What we know. This time, according to Jets head coach Rex Ryan, it’s personal.
What we don’t know. Is there any reason to believe this Jets team is any different than the one that lost to the Patriots in Foxboro 45-3 in week 13? More importantly, is there any reason to believe the Patriots, after a week off, are any different from the team that laid that whipping on the Jets? I say no. New England 35, Jets 17.
Seahawks at Bears.
What we know. The 7-9 Seahawks had undoubtedly the most impressive win of Wild Card weekend, shocking the defending champs the New Orleans Saints 41-36. A team that many said didn’t belong certainly looked played like they did last Saturday. Oh, and the Seahawks beat the Bears in week 6.
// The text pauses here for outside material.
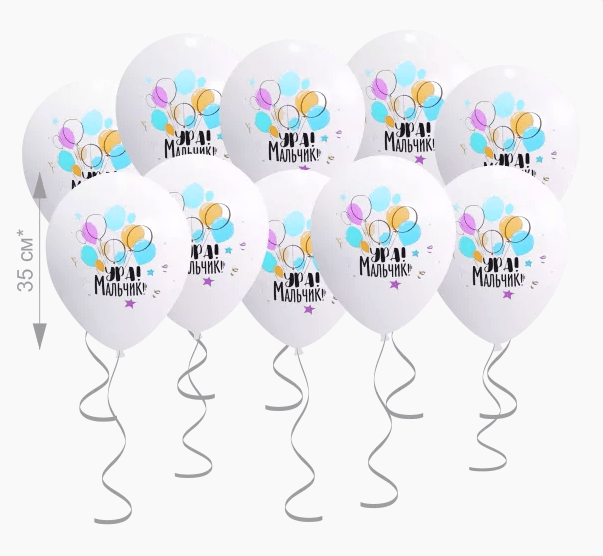 Шар 30 см, «Ура! Мальчик!», белый, пастель — 10 шт

What we don’t know. Can the Seahawks, and particularly Matt Hasselbeck, catch lightning in a bottle again against an immeasurably better defense in the Chicago Bears? Can the Bears win their first postseason game in four years, when by coincidence they beat Seattle en route to the Super Bowl? Can Jay Cutler, who many feel is the worst quarterback remaining in the playoffs (hey, it’s either him or Mark Sanchez), play a relatively mistake-free game in a contest where really all the pressure is on him and his offense to produce? I say sure. Bears 24, Seahawks 13.
Enjoy the games. And, Packers fans, if the Green and Gold come up short Saturday night, remember the good times. Specifically, the ones you were enjoying 10 years ago today.